[Exercise] Could every line of the listing be output exactly, with the pictures skipped?

[Task material]
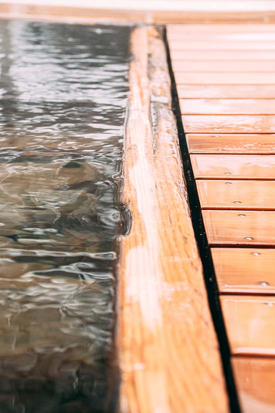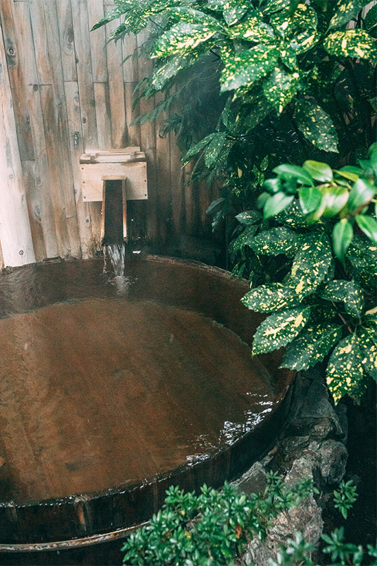 総ヒバ造りの露天風呂です。四季の移ろいを間近に感じながら、ゆったりとおくつろぎいただけます。
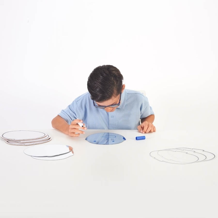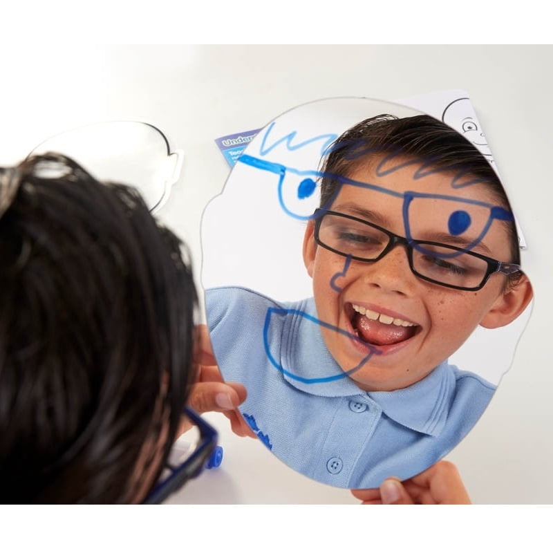 Περιλαμβάνονται επίσης τρεις λευκές άδειες επιφάνειες σε σχήμα προσώπου για χρήση με μαρκαδόρους στεγνής διαγραφής, τρία διάφανα φύλλα οξικής κυτταρίνης (acetate) σε σχήμα προσώπου και τρεις καθρέφτες σε σχήμα προσώπου για την παρατήρηση της αυτοέκφρασης.
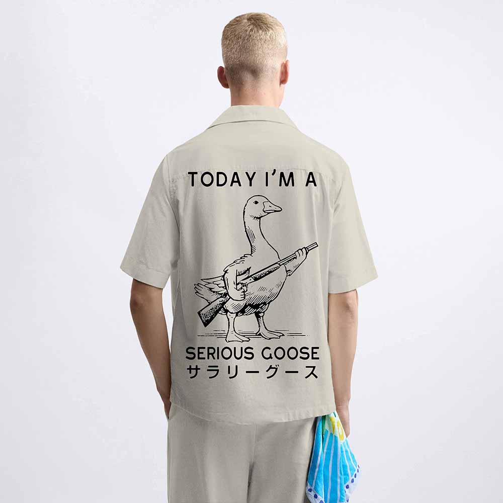 Today I'm A Serious Goose Print Elastic Band Casual Shorts
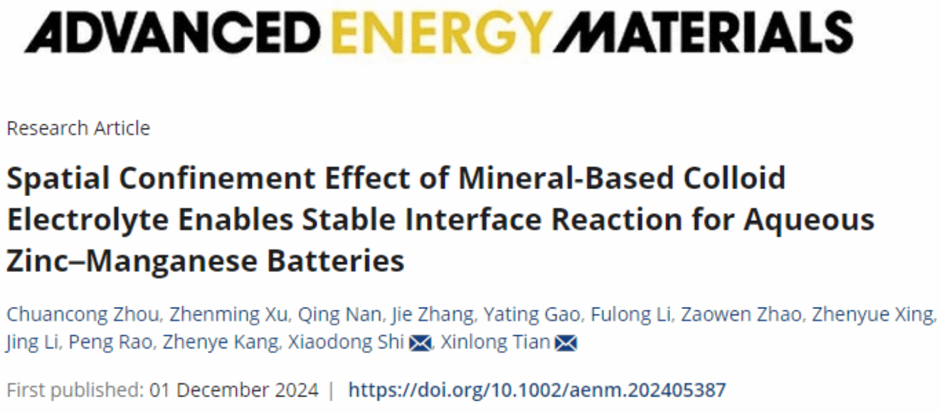 12月1日,海洋科学与工程学院史晓东副教授所在团队在能源领域顶级期刊Advanced Energy Materials发表题为“Spatial Confinement Effect of Mineral-based Colloid Electrolyte Enables Stable Interface Reaction for Aqueous Zinc-Manganese Batteries”的研究论文。必赢76net线路官网2021级博士研究生周传聪为论文第一作者,史晓东副教授和田新龙教授为论文共同通讯作者。
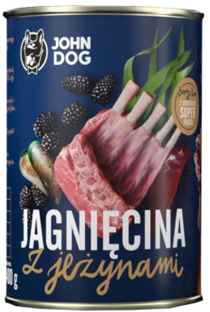 Skład: jagnięcina - 67% (serca, mięso, płuca, wątroba), owoce - 3% (jeżyny), minerały - 1%, mięczaki i skorupiaki - 0,1% (omułek zielonowargowy), algi morskie - 0,1% (Ascophyllum nodosum), olej z łososia - 0,1%
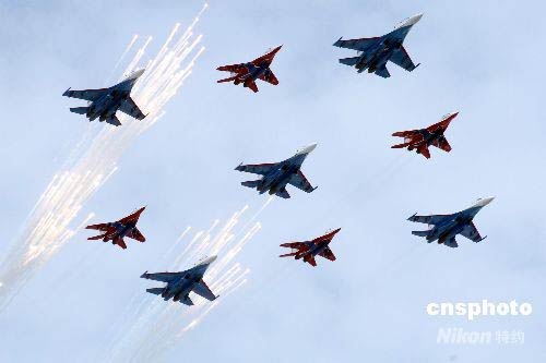 5月9日,俄羅斯在莫斯科紅場舉行盛大閱兵式,慶祝衛國戰爭勝利63周年,俄羅斯空軍“勇士”和“雨燕”飛行表演隊飛過紅場上空并發射禮花。中新社發 田冰 攝
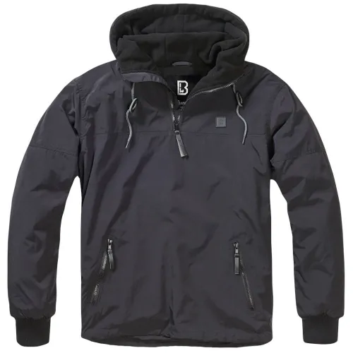 fleecelining, wind- und waterrepellent, extra long side-zipper, zip-pockets, ribbed cuffs, hood with drawstring, Brandit leather patch on chest.

[Response]
 総ヒバ造りの露天風呂です。四季の移ろいを間近に感じながら、ゆったりとおくつろぎいただけます。
 Περιλαμβάνονται επίσης τρεις λευκές άδειες επιφάνειες σε σχήμα προσώπου για χρήση με μαρκαδόρους στεγνής διαγραφής, τρία διάφανα φύλλα οξικής κυτταρίνης (acetate) σε σχήμα προσώπου και τρεις καθρέφτες σε σχήμα προσώπου για την παρατήρηση της αυτοέκφρασης.
 Today I'm A Serious Goose Print Elastic Band Casual Shorts
 12月1日,海洋科学与工程学院史晓东副教授所在团队在能源领域顶级期刊Advanced Energy Materials发表题为“Spatial Confinement Effect of Mineral-based Colloid Electrolyte Enables Stable Interface Reaction for Aqueous Zinc-Manganese Batteries”的研究论文。必赢76net线路官网2021级博士研究生周传聪为论文第一作者,史晓东副教授和田新龙教授为论文共同通讯作者。
 Skład: jagnięcina - 67% (serca, mięso, płuca, wątroba), owoce - 3% (jeżyny), minerały - 1%, mięczaki i skorupiaki - 0,1% (omułek zielonowargowy), algi morskie - 0,1% (Ascophyllum nodosum), olej z łososia - 0,1%
 5月9日,俄羅斯在莫斯科紅場舉行盛大閱兵式,慶祝衛國戰爭勝利63周年,俄羅斯空軍“勇士”和“雨燕”飛行表演隊飛過紅場上空并發射禮花。中新社發 田冰 攝
 fleecelining, wind- und waterrepellent, extra long side-zipper, zip-pockets, ribbed cuffs, hood with drawstring, Brandit leather patch on chest.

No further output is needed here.